20/11/2013

Cansei de você, seu burro!


Primeiro, eu vou colocar aqui o link da notícia que motivou este post.


Leu? Beleza, mas eu não quero mais falar de Marco Feliciano, porque falar dele me cansa, me deprime, me dá ímpetos homicidas e eu não quero chegar ao fim deste post morto, doente ou preso.

Eu quero falar com e sobre você, que concorda com ele.

Você pode até achar que, em nome da leitura que ele faz do livro sagrado que diz seguir, ele tem o "direito à livre expressão" ao dizer que africanos são "descendentes amaldiçoados" de algum personagem bíblico. Pode não ser muito justo culpar ao livro, porque, afinal, tudo isso pode ser apenas resultado da interpretação do racista de merda que ele é. Gente como ele é que mantém grande parte dos negros do país na posição de coadjuvantes de seu próprio tempo e história, ao sabor dos humores do "macho adulto branco sempre no comando". Se você concorda com ele, lamento dizer, isso faz de você, igualmente, um(a) racista de merda.

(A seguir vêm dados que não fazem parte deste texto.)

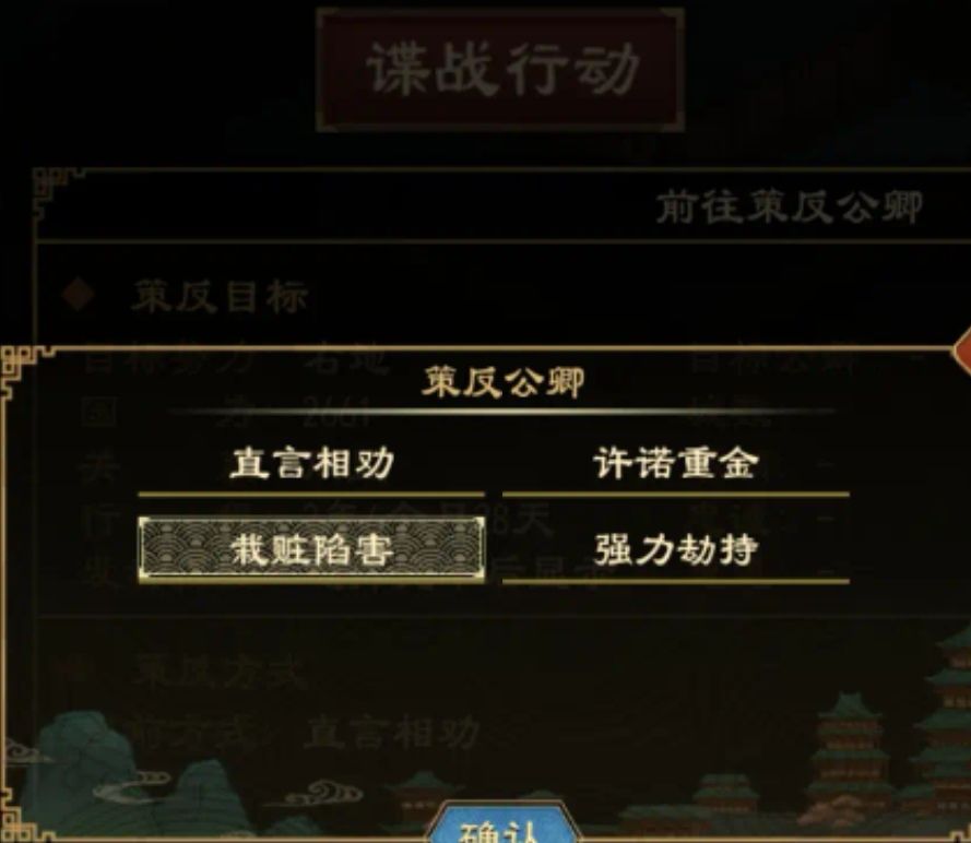 都城里,进入禁府,再进入谍战行动,即可策反他国公卿。

Você pode achar muito normal que ele e outros "ungidos" preguem, em pleno século 21, a submissão total da mulher ao homem e que estes mesmos senhores queiram barrar propostas de serviços públicos que visam a diminuir as mortes por abortos ilegais que acontecem desde sempre. Você pode concordar com essas pessoas que o lugar das mulheres é dentro de casa, tendo tantos filhos quanto o marido aguente fazer porque "a vida é sagrada" e métodos contraceptivos são "contra a vontade divina". Pode juntar-se àqueles que acham que mulheres "oferecidas" estão pedindo para serem estupradas, bem como compartilhar vídeos que mostrem moças em ato sexual com seus namorados, uns machistas de merda que se acham os fodões do pedaço, ao exibir-se em intimidade com elas que, agora, diante da repercussão online do vazamento das imagens, começam a apelar ao suicídio para escapar ao linchamento moral e isolamento social que se seguem. Você é livre para compactuar com tudo isso, desde que assuma que essas coisas fazem de você um(a) machista de merda.

Você pode concordar quando esse pulha usa um órgão governamental para perseguir ostensivamente uma minoria já historicamente segregada, barrando direitos civis que os gays já conquistaram em lugares melhor alfabetizados que o Brasil, países onde a intimidade do outro pertence apenas ao outro e ninguém tem projetos políticos baseados no controle do uso do pau, da xereca e do cu alheios. Você pode juntar-se ao coro dos que acreditam que ser um homofóbico de merda está limitado a chegar ao extremo de agredir a gays fisicamente, mesmo que isso seja uma burrice inclassificável de tão flagrante. Você é livre para olhar dentro dos olhos dos gays a quem talvez até chame de amigos e dizer que você os adora, mas que eles não têm direito a buscar a própria felicidade entre seus iguais, porque isso contraria a SUA convicção do que é bom para a vida DELES. Você pode. Basta que você admita que é um(a) homofóbico(a) de merda.

Não estou tentando ser palmatória do mundo. Como você, eu sou fruto do meio. Meu país é uma nação vergonhosamente racista, machista e homofóbica desde sempre e a tendência não é de melhora, com esses "aiatolás cristãos" chegando a altos postos no governo. Eu luto constantemente contra meus próprios pensamentos racistas, machistas e homofóbicos, porque fomos e ainda somos ensinados que a infelicidade do outro é essencial à nossa felicidade. Mudar uma cultura centenária não é trabalho para meia dúzia de anos, mas é preciso começar de algum lugar. É preciso deixar que alguma mudança, por mais transgressora ou tímida que possa parecer, aconteça. Porque a alternativa já é o que vivemos e isso, nem de longe, parece boa coisa.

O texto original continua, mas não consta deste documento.